At your request, I checked out grasp.org; it presents testimonies similar to others I have read, from autistic teens and adults. In return, let me point you toward stories like What Is My Mother Doing to Me?, which was written by a 14-year-old in gratitude for his recovery. I hope that Martin will not have to tell anyone what it is like to be an autistic adult, because he will never know. And if he reaches neurotypicality, I don’t think either of us will regret the result. As I have written before, in all my experience communicating and working with other ASD families, I am yet to hear from anyone who regained his/her health biomedically and subsequently says, “I wish we hadn’t done this. I prefer being autistic to being neurotypical.” (My sample size is not restricted to the three aforementioned recovered boys whom I know personally. I know of dozens of recovered persons, on-line or otherwise.)

You seem to worry that Martin will one day read what I write on my blog. To that I say, he’d better. In part, I write this blog for Martin. I don’t think he is “lost” or that his personhood needs “fixing.” I’m not sure why you use those words. Two weeks ago, when I got socked with a virus and ended up in the hospital, I wasn’t “lost” (except maybe insofar as I passed in and out of consciousness…!). My immune system needed help fighting a health condition, and when I received that help, I recovered. My son’s immune system needs help. I’m struggling to give him that help. I look forward to the day when he understands what I’ve written here, when he receives confirmation that he is so precious and so loved that Adrian and I would scour every corner of God’s green earth to give him every advantage we can.
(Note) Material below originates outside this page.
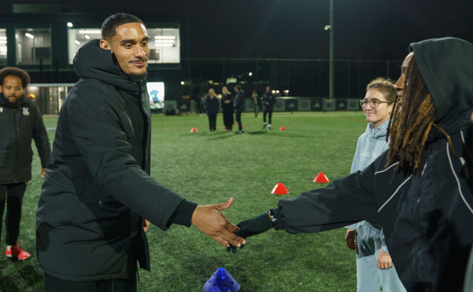 Maxence Lacroix visits a Premier League Kicks session at Merky FC HQ

So that’s it. Your and my disagreement lies in whether it is preferable to treat the health conditions that underlie autism, and let the behavior do as it will, or whether it is preferable to leave the health problems untreated and try to “smooth” the resulting behavior. I’ve phrased the question in a biased way, of course. I’ve done so because I believe it is preferable to treat “autism” biomedically. You take a different approach, and that is fine. We’re cool. I don’t have all the answers.

I do hope you’ll stick with the blog, though, and continue to comment. I feel invested in your son and your journey. I pray that it leads you both to a place of contentment.

Martin in action at the trampoline gymnasium. Not lost. Just getting healthier.

Martin in action at the trampoline gymnasium. Not lost. Just getting healthier.